What the committee is telling a player like Mixon is that he is a first-round physical talent absent any mitigating factors.

What process does the committee use to evaluate?

In most cases, scouts’ evaluations of underclassmen are well underway by the time applications start arriving in mid-December. Each team representative, and both scouting services, provide individual reports on the players. Vincent’s office forges them into a consensus grade.

What information do the players receive?

The response is relatively simple. Players are advised, in a letter to their head coach, that they are assessed as either a first-round pick, a second-round pick or one who is advised to remain in school. Vincent also makes himself available for telephone conversations.

“We don’t get into a lot of specifics,” Vincent said. “This isn’t the place to tell student-athletes what they need to improve on or where they’re lacking or whatever. It’s intended as the best objective assessment we can provide.”

The CAC doesn’t provide draft projections beyond the second round?

Not anymore. Vincent began limiting the answers to the first or second round after the 2014 draft. Research showed that accuracy dropped off significantly beginning with third-round projections.

How accurate are the projections now?

Since 2010, players who received a first- or second-round evaluation and declared for the draft were selected by the end of the second round 84.1 percent of the time.
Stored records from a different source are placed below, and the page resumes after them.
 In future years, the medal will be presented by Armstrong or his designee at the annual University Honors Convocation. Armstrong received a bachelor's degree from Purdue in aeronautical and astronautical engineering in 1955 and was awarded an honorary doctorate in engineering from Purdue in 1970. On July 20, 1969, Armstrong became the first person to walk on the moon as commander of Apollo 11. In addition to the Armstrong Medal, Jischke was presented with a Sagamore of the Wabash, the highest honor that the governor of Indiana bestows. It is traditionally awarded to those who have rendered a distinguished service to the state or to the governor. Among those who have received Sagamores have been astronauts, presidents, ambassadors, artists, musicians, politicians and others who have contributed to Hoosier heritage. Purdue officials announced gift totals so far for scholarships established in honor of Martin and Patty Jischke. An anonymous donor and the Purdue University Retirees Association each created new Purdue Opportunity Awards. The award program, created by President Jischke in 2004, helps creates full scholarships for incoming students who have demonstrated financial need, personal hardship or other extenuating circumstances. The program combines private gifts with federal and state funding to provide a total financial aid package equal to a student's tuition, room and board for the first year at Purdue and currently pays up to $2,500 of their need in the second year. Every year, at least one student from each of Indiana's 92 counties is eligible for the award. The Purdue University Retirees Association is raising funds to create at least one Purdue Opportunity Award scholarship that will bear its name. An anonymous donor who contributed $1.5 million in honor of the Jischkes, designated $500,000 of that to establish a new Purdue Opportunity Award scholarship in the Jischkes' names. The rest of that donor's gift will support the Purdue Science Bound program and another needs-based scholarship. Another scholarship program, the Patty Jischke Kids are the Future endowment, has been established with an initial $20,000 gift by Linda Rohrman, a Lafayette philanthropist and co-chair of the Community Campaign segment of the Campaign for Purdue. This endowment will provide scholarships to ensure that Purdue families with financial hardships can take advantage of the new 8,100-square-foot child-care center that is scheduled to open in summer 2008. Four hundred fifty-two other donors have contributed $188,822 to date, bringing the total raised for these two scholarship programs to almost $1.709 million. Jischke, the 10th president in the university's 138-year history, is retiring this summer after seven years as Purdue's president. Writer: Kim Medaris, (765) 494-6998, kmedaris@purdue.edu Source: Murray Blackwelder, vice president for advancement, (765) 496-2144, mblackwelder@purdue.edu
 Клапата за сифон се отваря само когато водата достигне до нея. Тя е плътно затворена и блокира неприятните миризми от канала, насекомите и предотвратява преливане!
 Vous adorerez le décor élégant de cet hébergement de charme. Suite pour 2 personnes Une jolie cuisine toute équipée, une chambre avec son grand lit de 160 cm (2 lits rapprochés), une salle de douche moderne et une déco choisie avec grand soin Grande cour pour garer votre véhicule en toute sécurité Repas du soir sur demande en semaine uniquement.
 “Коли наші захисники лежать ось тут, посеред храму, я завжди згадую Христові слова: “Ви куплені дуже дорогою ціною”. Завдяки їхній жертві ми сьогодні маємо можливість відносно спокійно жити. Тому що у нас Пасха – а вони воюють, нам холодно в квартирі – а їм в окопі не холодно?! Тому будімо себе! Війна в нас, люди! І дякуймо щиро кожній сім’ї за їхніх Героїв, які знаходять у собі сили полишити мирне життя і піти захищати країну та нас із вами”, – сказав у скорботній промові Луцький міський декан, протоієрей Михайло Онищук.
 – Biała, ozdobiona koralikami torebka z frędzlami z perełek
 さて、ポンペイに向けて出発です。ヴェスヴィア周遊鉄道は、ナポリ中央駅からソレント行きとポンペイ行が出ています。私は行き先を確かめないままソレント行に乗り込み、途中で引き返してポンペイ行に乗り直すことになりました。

Yearly accuracy rates are in the chart.

Do all underclassmen request these assessments?


In 2015 and 2016, the first two years of the streamlined approach, 38.2 percent of underclassmen declared for the draft without applying for an evaluation. (Numbers for 2017 haven’t been tabulated yet.)

What happens when players don’t heed the advice they’re given?

Here’s what we can tell you.

From 2015-16, 322 players were evaluated.

Of that total, 73 declared after being advised to stay in school.

The average draft position of that subgroup was the fifth round. Twenty went undrafted.

Can it work the other way?

Sure. Of the 73 who declared after being advised to stay in school, 11 were drafted in the first or second rounds (15 percent).